Stored data entries:

* * * * *

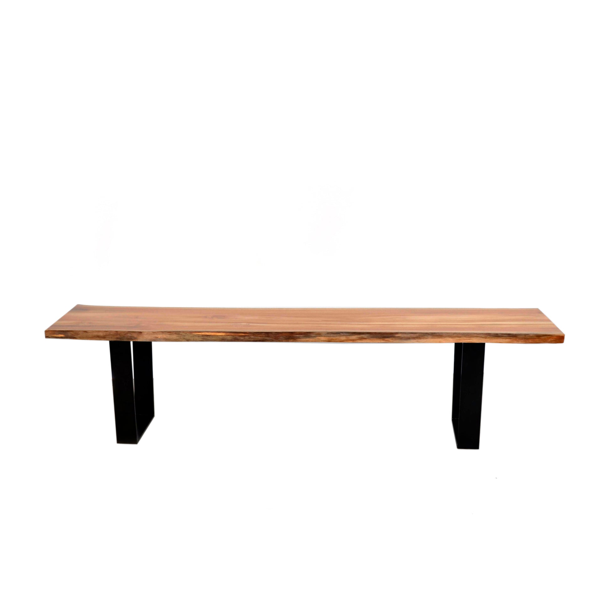 The Kali Live Edge Orion Bench features a live edge hardwood top, available in two different lengths, and paired with a set of our iron Orion bases.
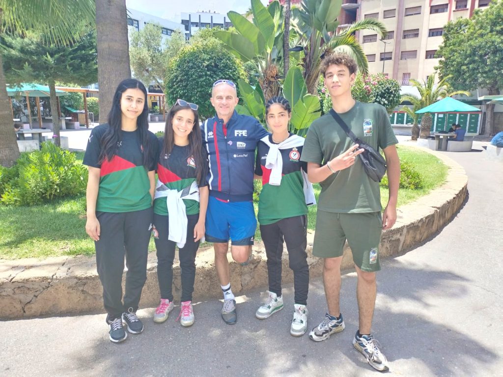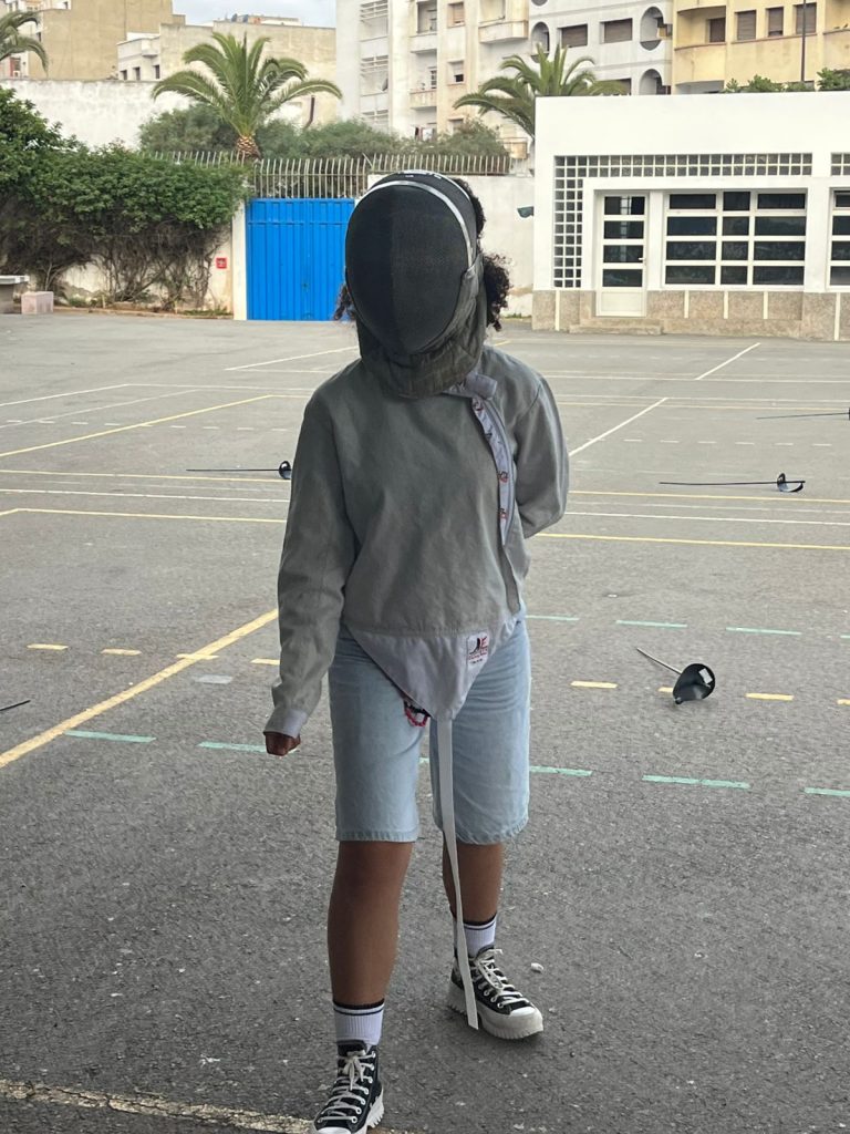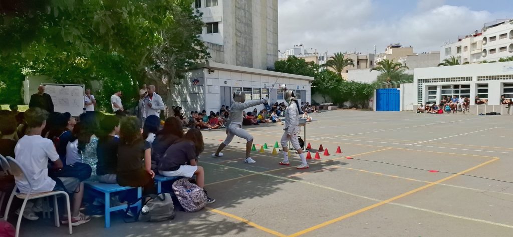 Mercredi, l’initiation s’est clôturée en beauté avec la venue de quatre jeunes champions marocains, membres de l’équipe nationale d’escrime. Mohamed et Inès, en catégorie cadet-junior, ainsi que Amal et Hiba, en catégorie senior, s’entraînent aux côtés de M. Esquerre dans la salle fédérale du complexe Mohamed V de Casablanca. Ces athlètes, parmi les meilleurs escrimeurs du royaume, ont offert aux élèves une démonstration de duels décryptés par M. Esquerre, ce qui a captivé les élèves : où toucher son adversaire ? Comment sont attribués les points ? Quels gestes respecter ?
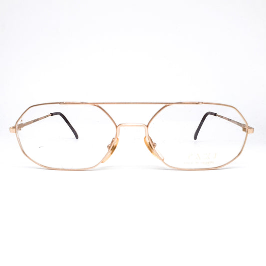 Taxi hexagonal gold metallic eyeglasses frames with double nose bridges made in italy, 1980s nos
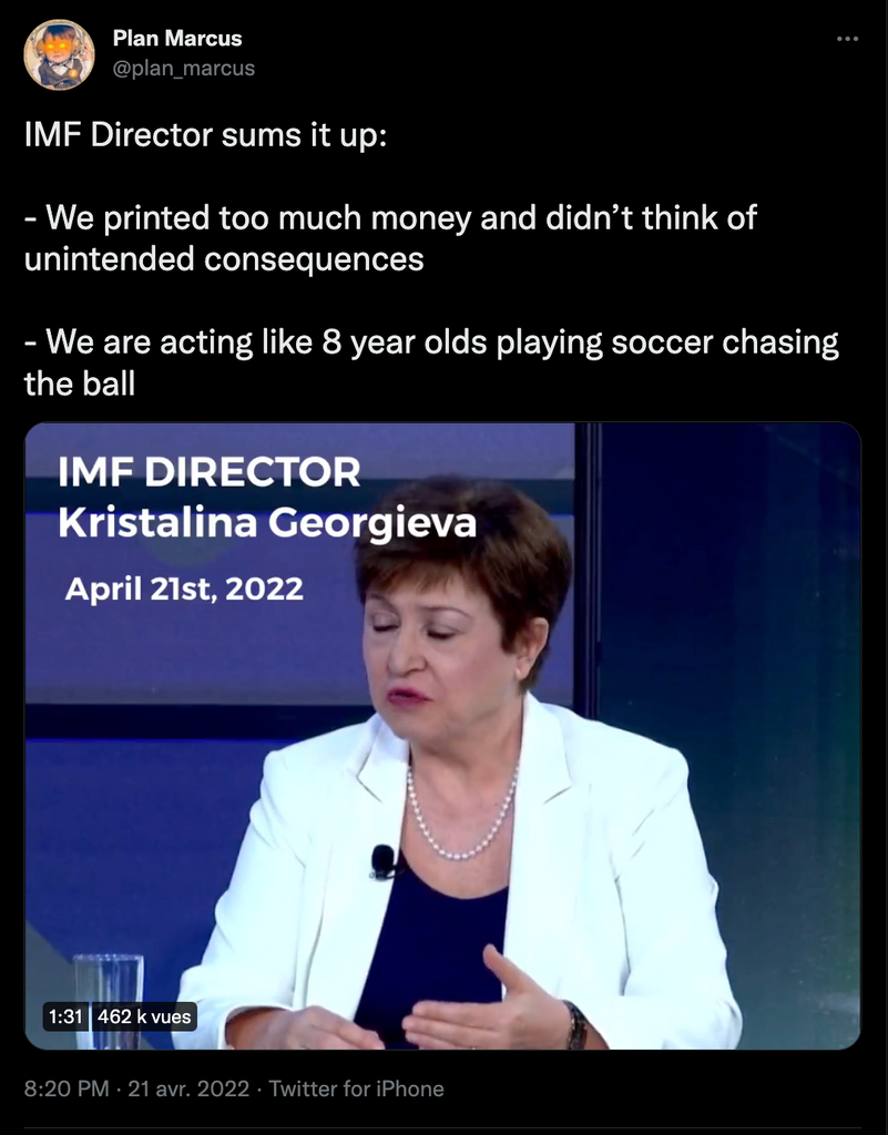 Kyle Bass de Hayman Capital, l'une des célébrités du Dow Jones et des hedge funds sur FoxBusiness « nous voyons déjà des hausses de 40% sur à peu près tout… car la Fed a imprimé bien plus d'argent qu'il n'aurait dû pendant les confinements… Là ils ont perdu le contrôle… on va vers une immense recession »
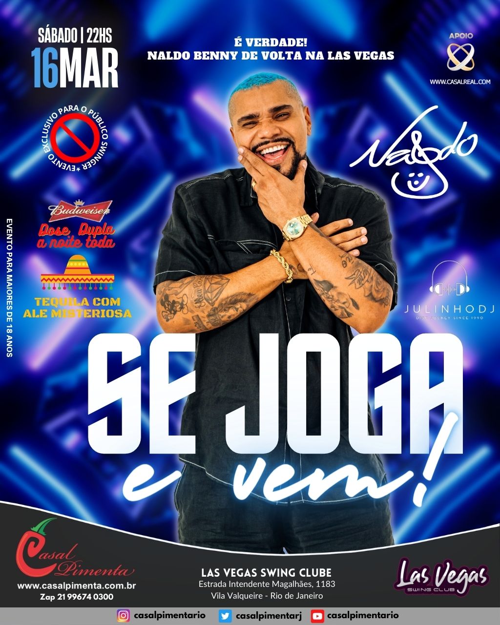Naldo Benny retornando a Las Vegas! Quem foi no último show pode rever e quem não foi ver pela primeira vez! Show de tequila com Ale Misteriosa! Sorteios de Brindes e drinks! O que acontece em Vegas, fica em Vegas!
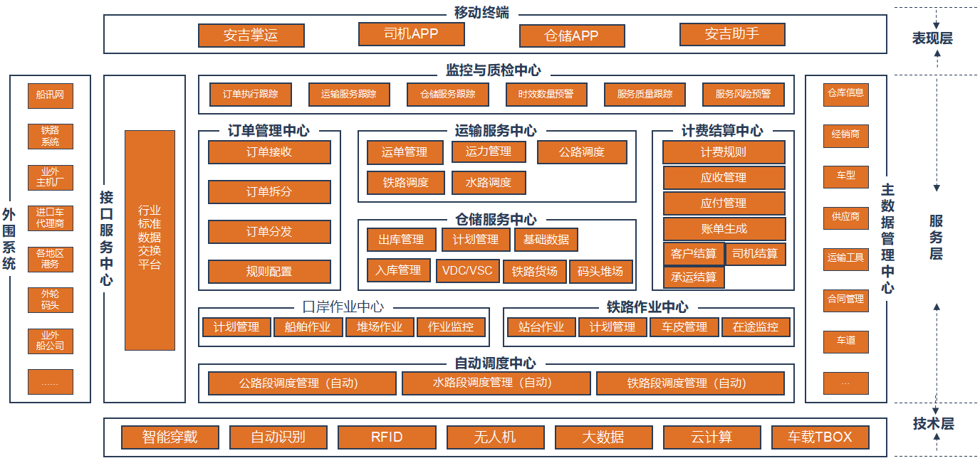 通过IT赋能及新技术应用,建设基于公、水、铁运输模式下的信息化整体方案,实现产、供、销全流程的业务管控;
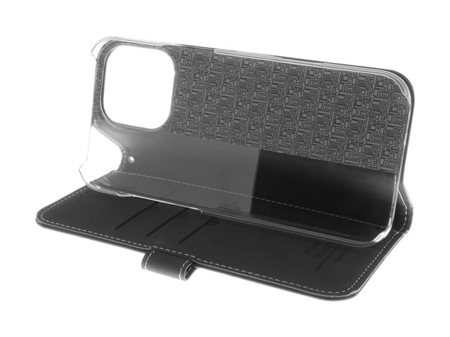 Insmat Exclusive - Lommebok for mobiltelefon - ekte skinn, kartong+papir+aluminiumsfolie, polykarbonat (PC), bomullssting - svart - for Apple iPhone 16 Pro Max
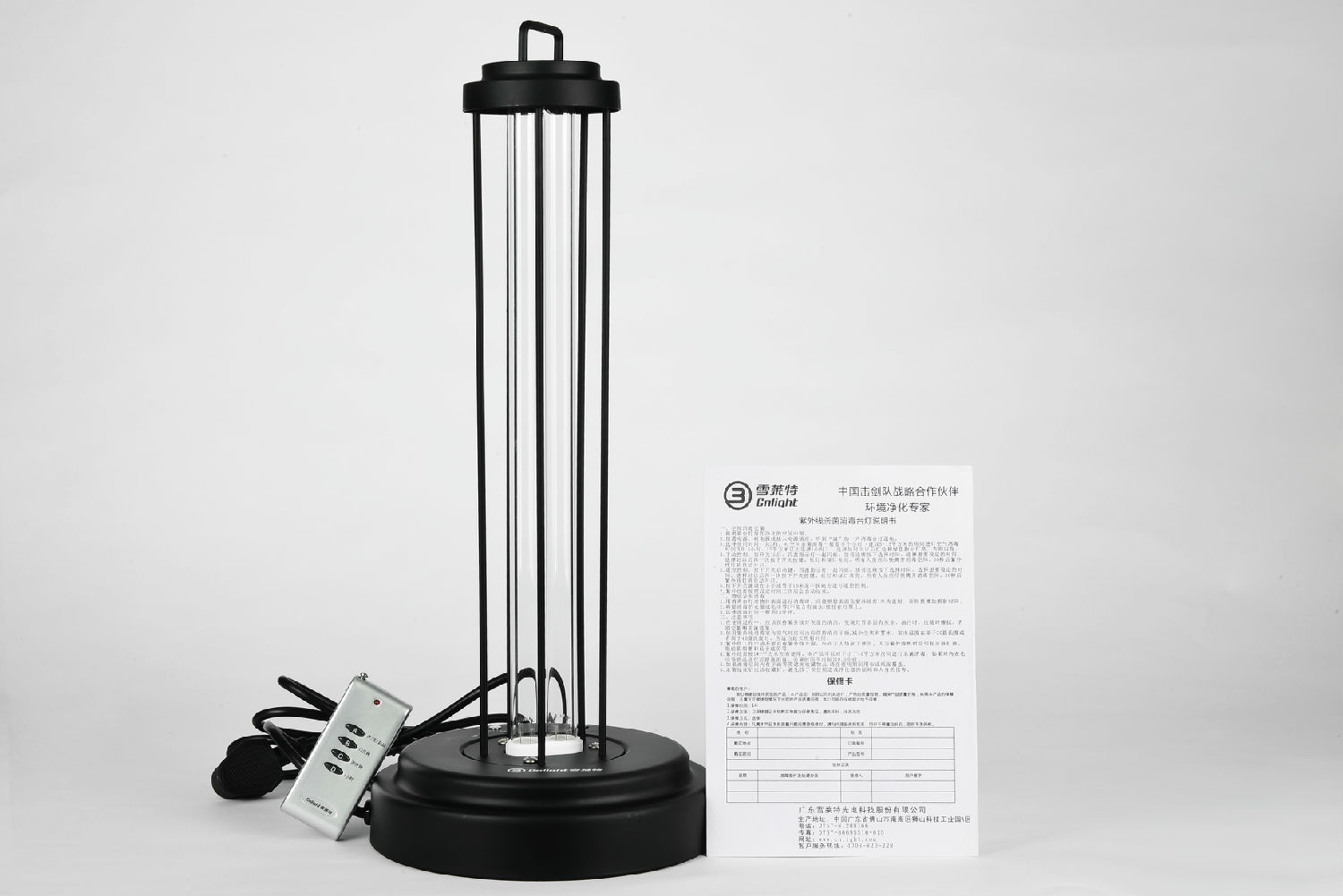 This UV table light flaunts a high sterilization rate of 99.99%. It has a cylindrical UV light tube on top and a round shaped base. With a IR remote control, this UV table light is easy to operate.
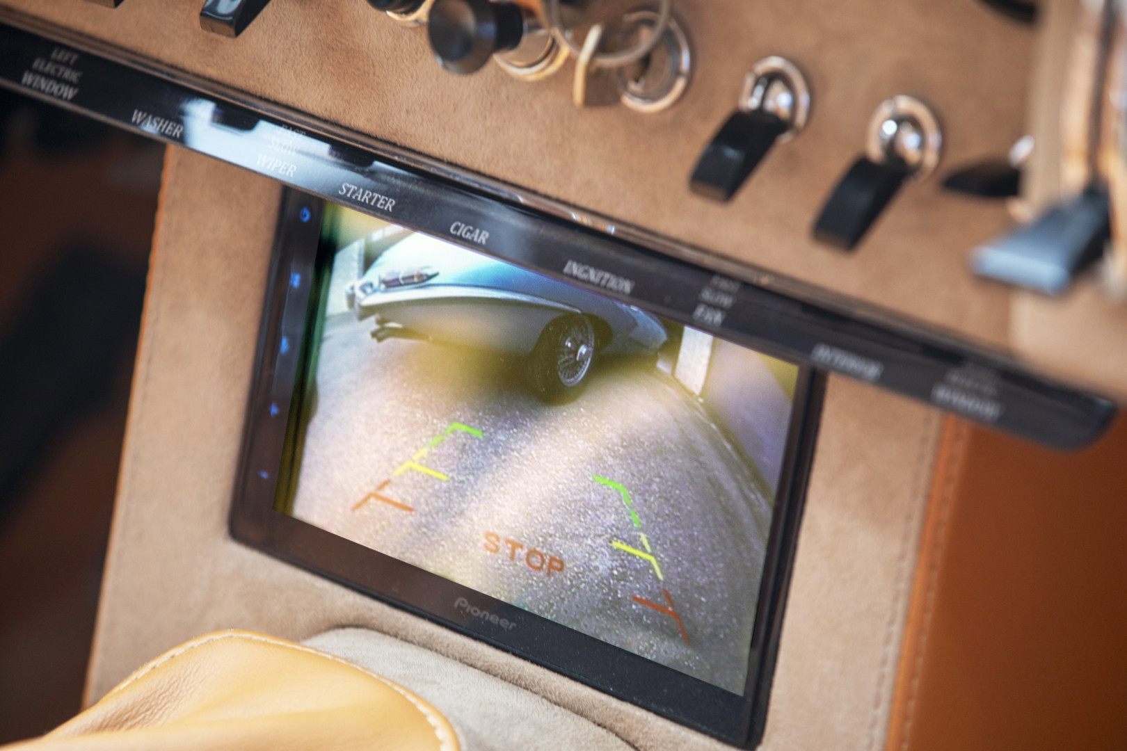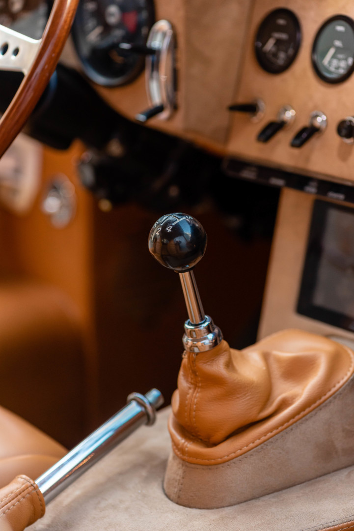 Lors de sa restauration de cette Jaguar type E, nous avons intégré un système multimédia Pioneer équipé d’Apple CarPlay, permettant également l’ajout d’une caméra de recul, ainsi qu'une direction assistée électrique -  un véritable atout pour les manœuvres.
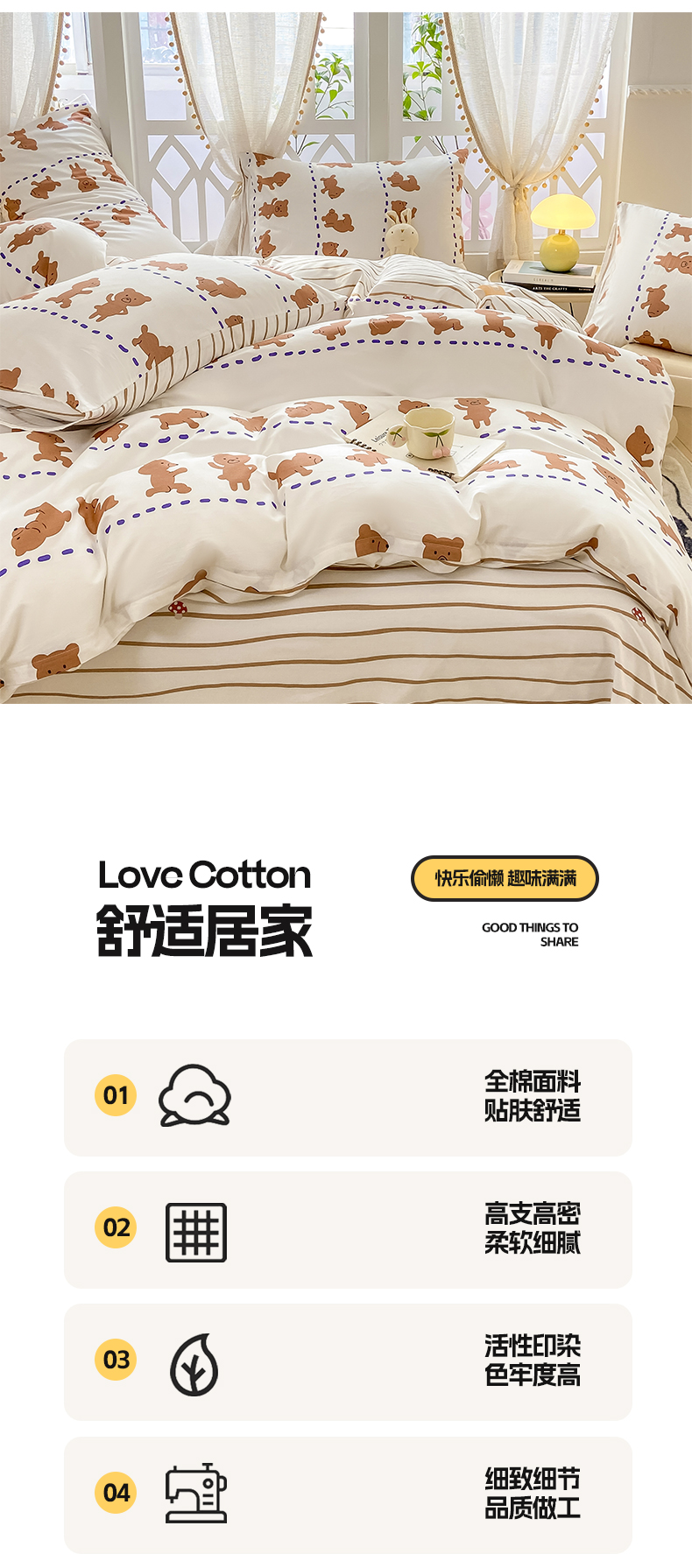 宜家坊 2024新款全棉喷气13070小清新印花四件套-拍摄二 喜瓜瓜
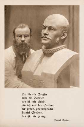 | Diese Postkarte zeigt Daniel Greiner im Jahre 1904 mit der Porträtbüste des Landgrafen von Hessen, Philipp der Großmütige, *13. November 1504. Die Büste ist ein Auftrag zum 400. Geburtstag des Landgrafen. Unter dem Foto ein Gedicht Greiners: "Ob ich ein Großer oder ein Kleiner, das ist mir gleich, bin ich nur der Greiner, der grade, grundehrliche Daniel Greiner, das ist mir genug."  |

* * * * *

> **WORK TASK**
The pictures stay out; repeat exactly the lines from the one with "宜家坊 2024新款全棉喷气13070小清新印花四件套-拍摄二 喜瓜瓜" to the end of the entries above, and nothing else.

> **RESULT OF THIS EXERCISE**
 宜家坊 2024新款全棉喷气13070小清新印花四件套-拍摄二 喜瓜瓜
 | Diese Postkarte zeigt Daniel Greiner im Jahre 1904 mit der Porträtbüste des Landgrafen von Hessen, Philipp der Großmütige, *13. November 1504. Die Büste ist ein Auftrag zum 400. Geburtstag des Landgrafen. Unter dem Foto ein Gedicht Greiners: "Ob ich ein Großer oder ein Kleiner, das ist mir gleich, bin ich nur der Greiner, der grade, grundehrliche Daniel Greiner, das ist mir genug."  |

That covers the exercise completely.